■ Exercise objective: Output, exactly as written, the lines below from the one that has "1930 Hallmarked Solid" through the one that has "是将关键字分割成位数相同的几"; nothing else, and no pictures.

■ Task data:
= = = =
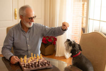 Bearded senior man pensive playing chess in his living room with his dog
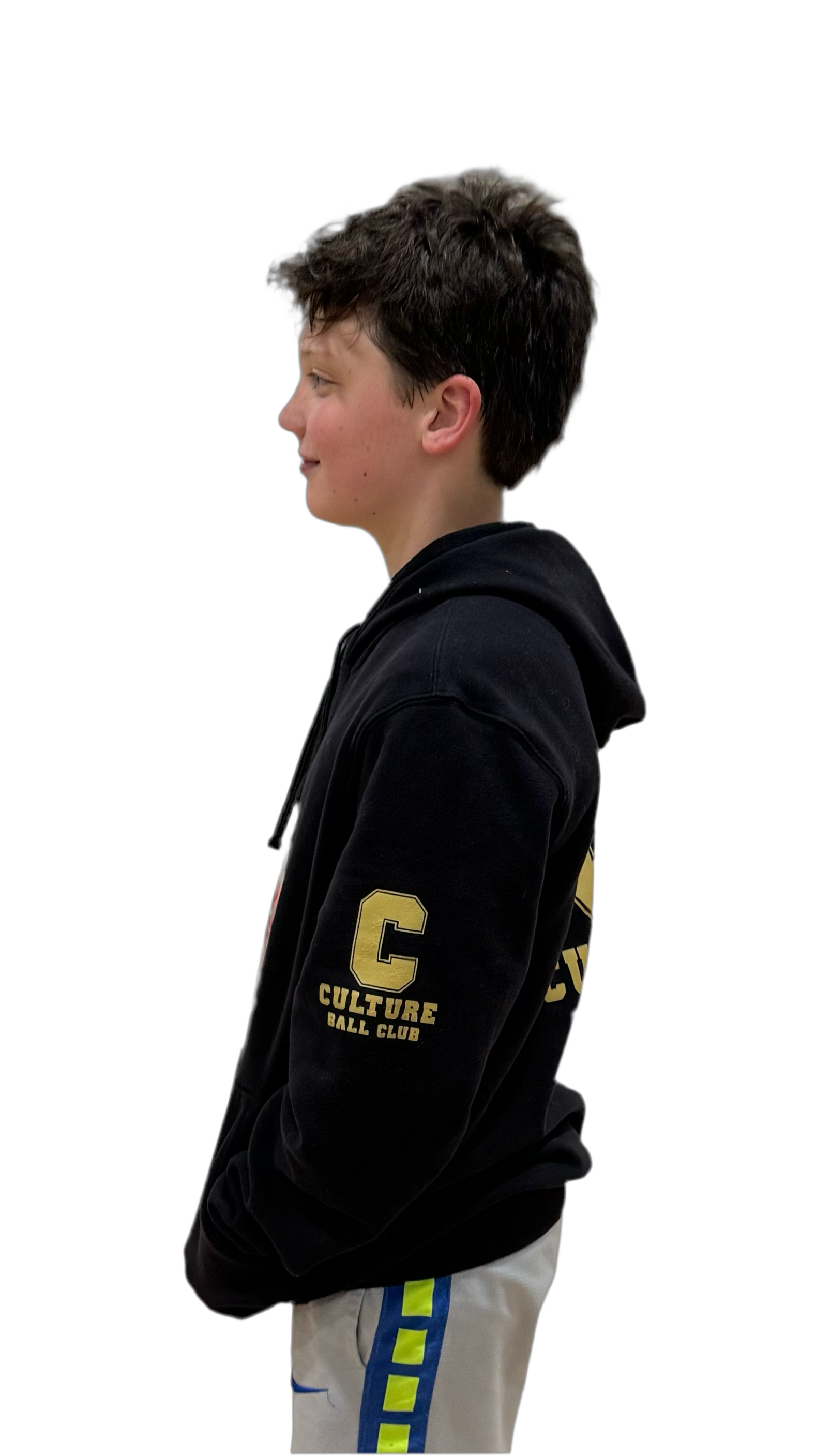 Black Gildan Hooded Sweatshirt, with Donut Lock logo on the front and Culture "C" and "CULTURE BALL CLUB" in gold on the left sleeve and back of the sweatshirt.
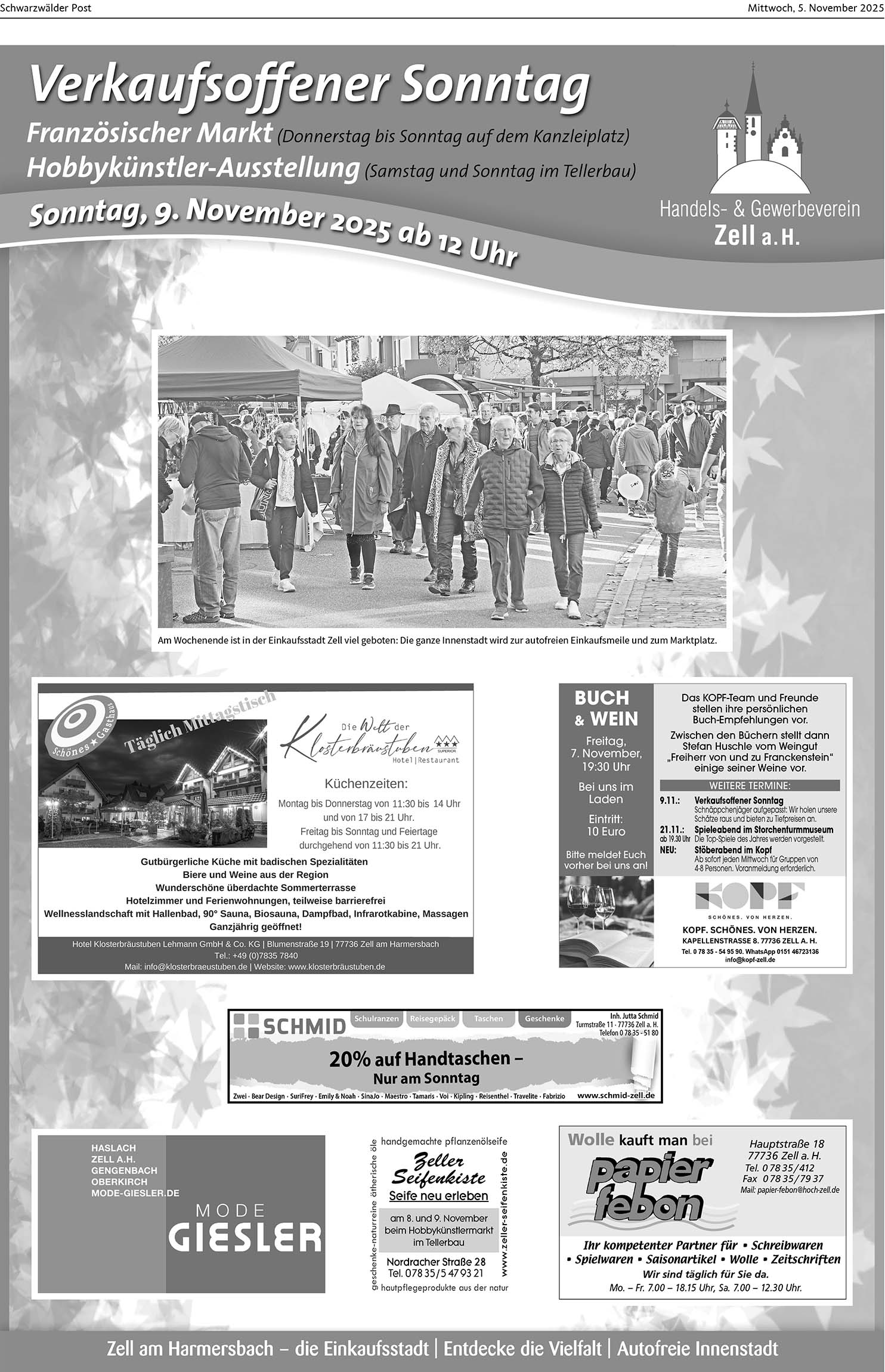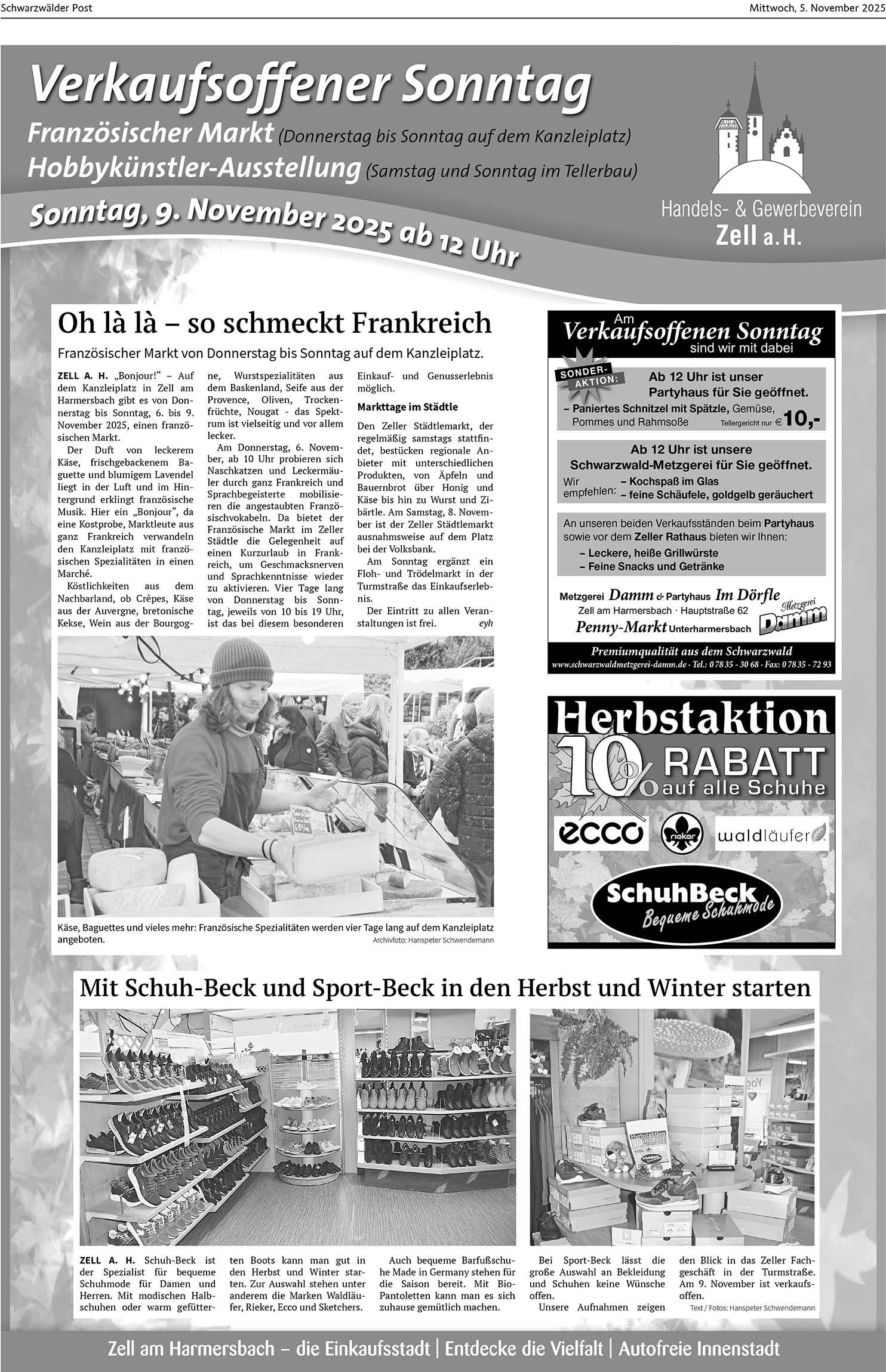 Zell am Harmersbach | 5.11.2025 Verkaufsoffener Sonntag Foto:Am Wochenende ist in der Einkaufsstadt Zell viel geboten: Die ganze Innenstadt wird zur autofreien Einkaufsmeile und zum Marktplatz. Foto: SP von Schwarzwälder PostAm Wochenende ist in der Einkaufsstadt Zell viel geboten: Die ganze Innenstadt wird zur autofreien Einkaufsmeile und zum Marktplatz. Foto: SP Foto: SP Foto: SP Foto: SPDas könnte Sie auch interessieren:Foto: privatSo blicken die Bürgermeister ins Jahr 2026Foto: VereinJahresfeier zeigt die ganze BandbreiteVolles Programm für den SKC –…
= = = =
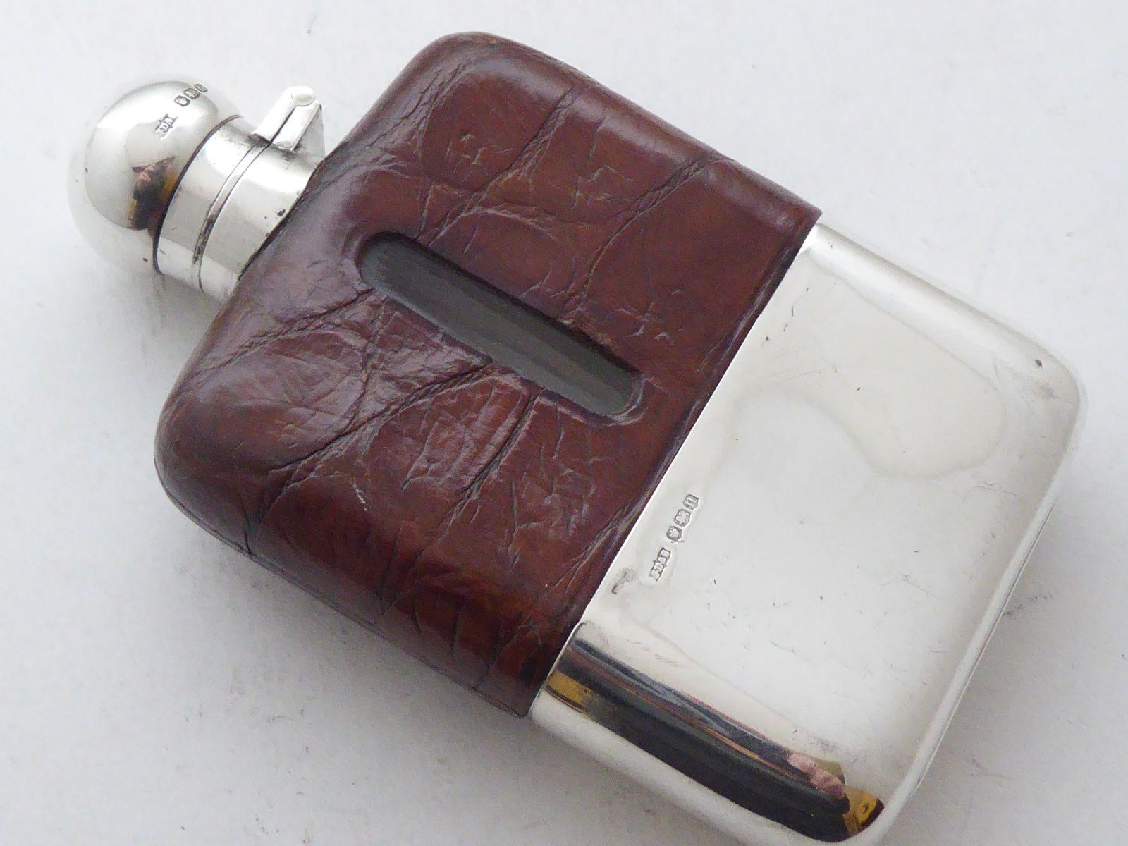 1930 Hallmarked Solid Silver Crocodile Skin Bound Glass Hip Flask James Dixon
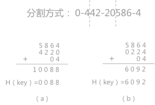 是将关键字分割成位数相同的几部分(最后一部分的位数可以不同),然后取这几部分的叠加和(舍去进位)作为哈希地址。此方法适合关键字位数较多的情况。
= = = =
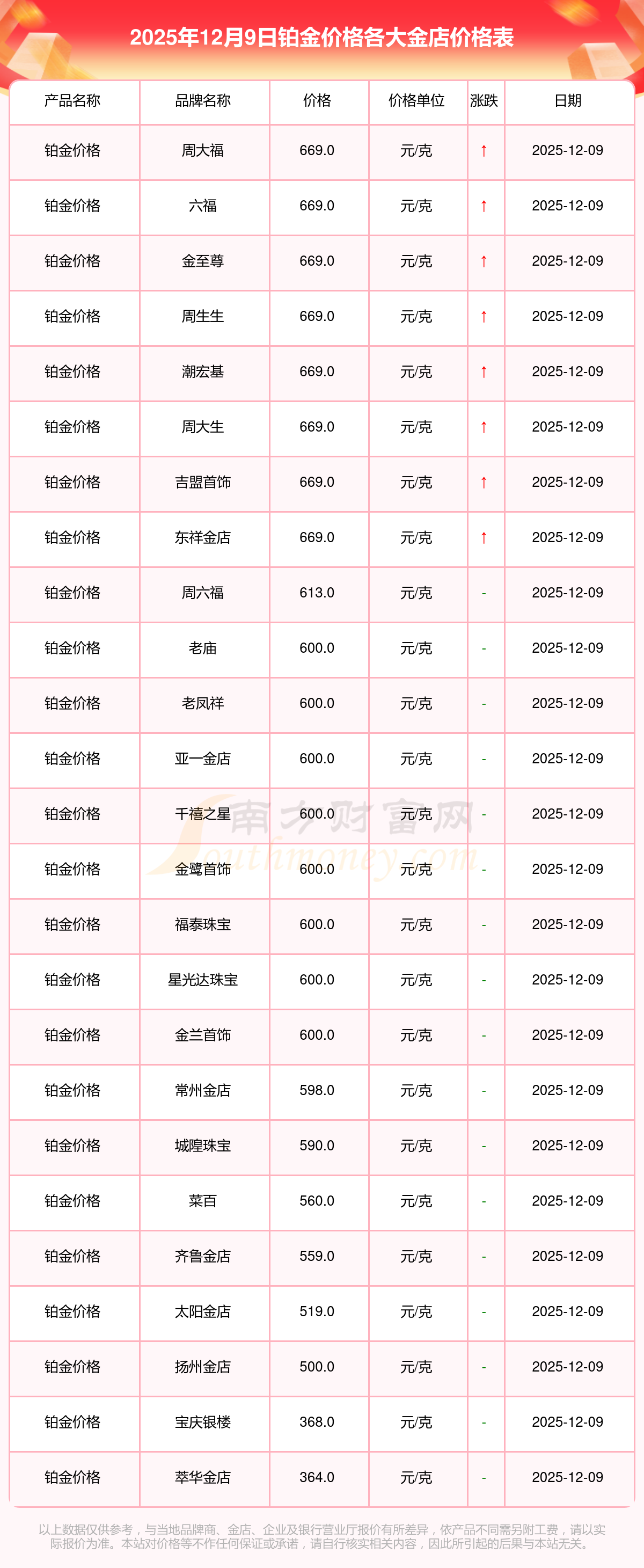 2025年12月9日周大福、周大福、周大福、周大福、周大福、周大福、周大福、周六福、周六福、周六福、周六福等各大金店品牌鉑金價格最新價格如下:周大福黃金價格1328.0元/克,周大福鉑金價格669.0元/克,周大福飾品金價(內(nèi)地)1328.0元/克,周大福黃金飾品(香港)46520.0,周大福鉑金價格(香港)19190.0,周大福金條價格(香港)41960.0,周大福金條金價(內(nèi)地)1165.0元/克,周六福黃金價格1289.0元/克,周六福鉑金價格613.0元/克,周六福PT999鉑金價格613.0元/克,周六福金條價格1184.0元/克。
= = = =
■ Response to this task:
 1930 Hallmarked Solid Silver Crocodile Skin Bound Glass Hip Flask James Dixon
 是将关键字分割成位数相同的几部分(最后一部分的位数可以不同),然后取这几部分的叠加和(舍去进位)作为哈希地址。此方法适合关键字位数较多的情况。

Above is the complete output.